Talvez o vegetal cultivado de ciclo mais longo seja
a pupunheira, que só ganha altura após ter sido a roça
abandonada e produz seus frutos por muitos anos. À medida
que novas roças se fazem necessárias, elas vão sendo
abertas em locais mais afastados da maloca. Mas não
é apenas a distância das roças que leva à construção
de outras: a deterioração das palhas da cobertura e
a impermeabilização do teto pela fuligem provocada pelos
fogos de cozinha, que impede a fumaça de sair, também
são outras razões, além da morte do dono da casa, pelo
menos no passado.
As caçadas, hoje feitas com armas de fogo, incidem
sobretudo sobre o macaco preto (Ateles sp.?)

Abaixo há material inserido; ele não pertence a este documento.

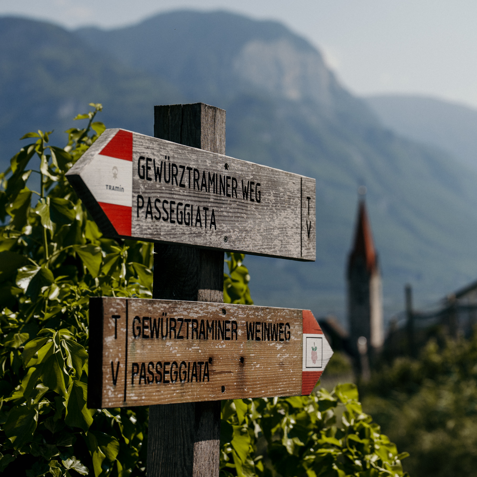Ein Weg voller Genuss von Anfang bis Ende – das ist der Gewürztraminerweg in Tramin. Zwischen sanften Rebhügeln und weiten Ausblicken wandert man hier mitten durch die Heimat des berühmten Gewürztraminers. Mal liegt der Duft reifer Trauben in der Luft, mal jener von Wald und Wiesen, dazwischen laden Bänke zum Verweilen ein. Und am Ende wartet – wie könnte es anders sein – ein Glas Wein, das nach Südtiroler Lebensfreude schmeckt.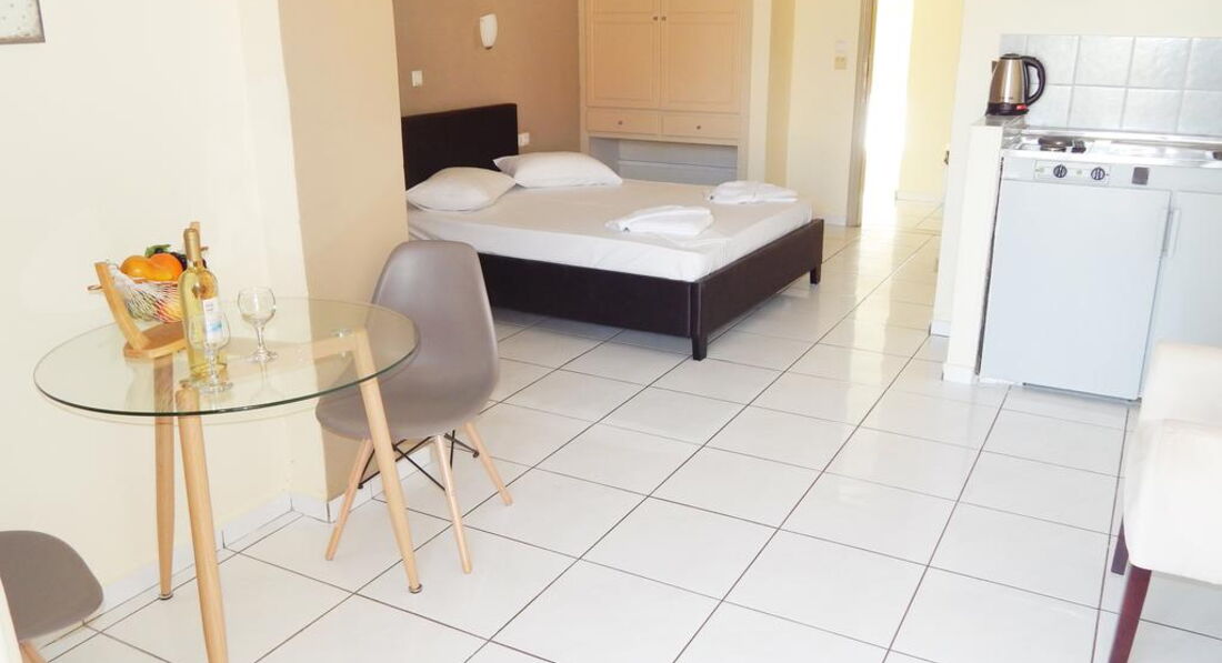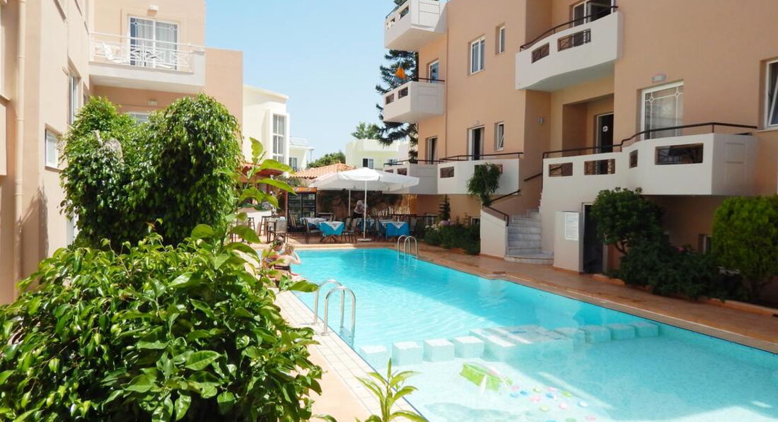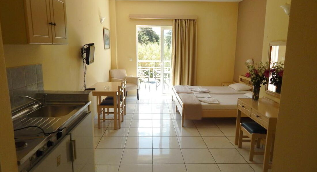 Apollon Hotel – невеликий апарт-готель, який пропонує сімейні номери та затишні апартаменти, доступні для цілорічного спокійного відпочинку.

e o barrigudo (Lagothrix sp.), as duas únicas
espécies de primatas que consideram comestíveis. Também
é freqüente o caititu (Tayassu tajacu), mais
raros a anta (Tapirus terrestris), o porco-queixada
(Tayassu pecari). No período menos chuvoso não
é difícil o caçador voltar com uma paca (Cuniculus
paca). Dentre as aves, são freqüentemente abatidos
o cujubim (Pipile sp.) e o mutum (Crax
sp.).
A pesca individual se faz com anzol, e a coletiva,
com ajuda de um entorpecente cultivado, cujas folhas
são pisadas com terra em buracos, de modo a se fazerem
pequenas bolas com a mistura, que são dissolvidas na
água.
A estação menos chuvosa, de maio a setembro,
sujeita a eventuais "friagens" (períodos de
cerca de três dias de queda acentuada de temperatura),
é o tempo de extrair o látex das seringueiras, tendo
cada homem adulto seu tapiri para defumar a borracha
e suas "estradas" (caminhos que, saindo do
tapiri e a ele retornando, ligam as seringueiras). A
estação chuvosa é o tempo de extrair madeira. Esses
dois produtos florestais são negociados com os comerciantes
embarcados, os "regatões", que ora freqüentam
ora não as malocas marúbo, dependendo do rigor com que
a FUNAI proíbe seu acesso. Os missionários também mantêm
uma cantina em Vida Nova porém não compram borracha
nem madeira. Embora vendam seus artigos a preço de custo,
fazem-no a troco de dinheiro, o que os Marúbo só conseguem
com o trabalho para os próprios missionários, que não
têm muito a oferecer. Por isso, os Marúbo têm de recorrer
aos comerciantes embarcados ou procurar as cidades.